→ **SOURCE MATERIAL**
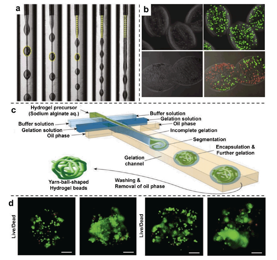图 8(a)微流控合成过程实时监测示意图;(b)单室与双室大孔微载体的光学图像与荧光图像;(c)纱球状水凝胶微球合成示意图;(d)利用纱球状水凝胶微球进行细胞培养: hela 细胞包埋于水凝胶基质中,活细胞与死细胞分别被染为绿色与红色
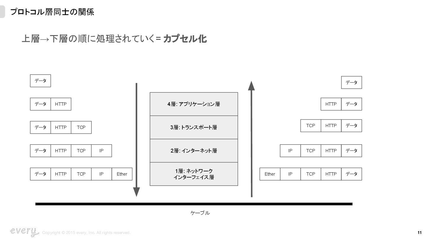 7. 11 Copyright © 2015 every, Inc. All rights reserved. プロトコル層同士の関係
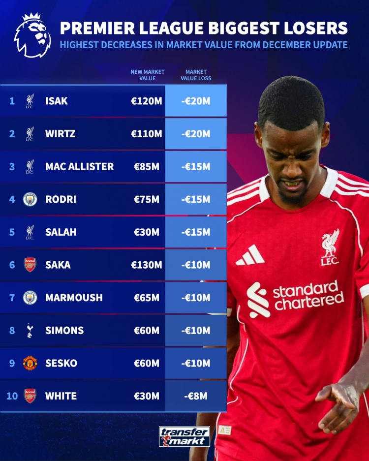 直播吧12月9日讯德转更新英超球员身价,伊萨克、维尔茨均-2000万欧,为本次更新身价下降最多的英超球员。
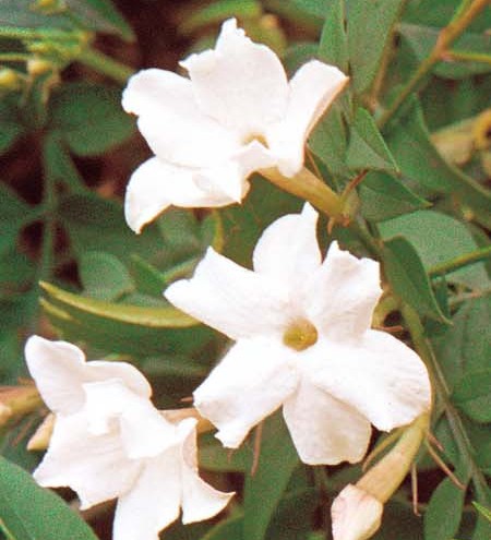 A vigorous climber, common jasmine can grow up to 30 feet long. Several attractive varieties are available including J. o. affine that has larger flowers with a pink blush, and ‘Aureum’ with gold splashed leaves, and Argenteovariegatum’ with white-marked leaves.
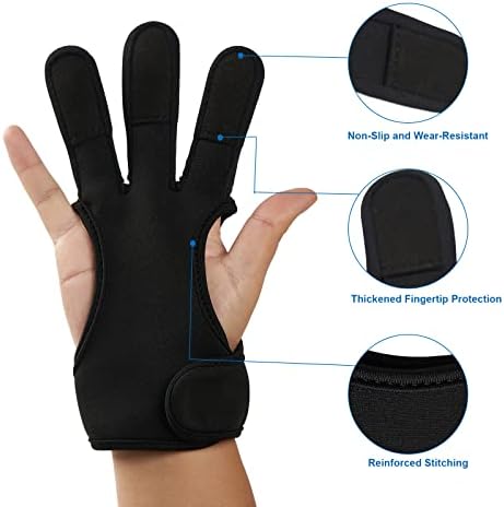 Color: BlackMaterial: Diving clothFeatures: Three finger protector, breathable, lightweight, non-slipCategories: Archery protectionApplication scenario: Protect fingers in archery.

* * *

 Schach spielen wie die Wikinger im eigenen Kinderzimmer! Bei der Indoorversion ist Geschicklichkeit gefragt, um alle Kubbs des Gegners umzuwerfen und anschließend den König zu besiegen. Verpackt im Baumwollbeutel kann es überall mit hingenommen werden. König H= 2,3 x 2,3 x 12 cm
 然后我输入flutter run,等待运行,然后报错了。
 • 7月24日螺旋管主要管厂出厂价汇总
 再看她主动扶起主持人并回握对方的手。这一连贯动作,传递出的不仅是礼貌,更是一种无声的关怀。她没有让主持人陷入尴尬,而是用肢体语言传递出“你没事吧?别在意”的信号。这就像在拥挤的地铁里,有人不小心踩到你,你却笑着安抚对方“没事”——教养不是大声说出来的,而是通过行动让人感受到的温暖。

--

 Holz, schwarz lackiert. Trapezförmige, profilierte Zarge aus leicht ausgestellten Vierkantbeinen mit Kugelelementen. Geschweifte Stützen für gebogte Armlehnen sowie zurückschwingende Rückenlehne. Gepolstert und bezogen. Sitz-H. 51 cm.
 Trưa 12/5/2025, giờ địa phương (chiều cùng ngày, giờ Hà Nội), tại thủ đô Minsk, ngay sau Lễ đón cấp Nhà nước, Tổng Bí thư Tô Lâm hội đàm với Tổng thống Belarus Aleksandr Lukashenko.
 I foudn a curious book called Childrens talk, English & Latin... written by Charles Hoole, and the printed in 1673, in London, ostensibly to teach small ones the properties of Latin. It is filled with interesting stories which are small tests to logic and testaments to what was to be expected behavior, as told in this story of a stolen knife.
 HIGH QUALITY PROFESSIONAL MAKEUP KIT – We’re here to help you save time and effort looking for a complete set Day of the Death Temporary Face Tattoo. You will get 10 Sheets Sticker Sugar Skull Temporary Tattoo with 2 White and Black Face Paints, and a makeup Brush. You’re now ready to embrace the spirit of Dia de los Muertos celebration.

→ **EXERCISE DIRECTIONS**
Could you repeat exactly the lines above from the line with "然后我输入flutter run,等待运行,然后报错了。" up to and including the line with "再看她主动扶起主持人并回握对", and only those?

→ **OUTPUT FOR THIS EXERCISE**
 然后我输入flutter run,等待运行,然后报错了。
 • 7月24日螺旋管主要管厂出厂价汇总
 再看她主动扶起主持人并回握对方的手。这一连贯动作,传递出的不仅是礼貌,更是一种无声的关怀。她没有让主持人陷入尴尬,而是用肢体语言传递出“你没事吧?别在意”的信号。这就像在拥挤的地铁里,有人不小心踩到你,你却笑着安抚对方“没事”——教养不是大声说出来的,而是通过行动让人感受到的温暖。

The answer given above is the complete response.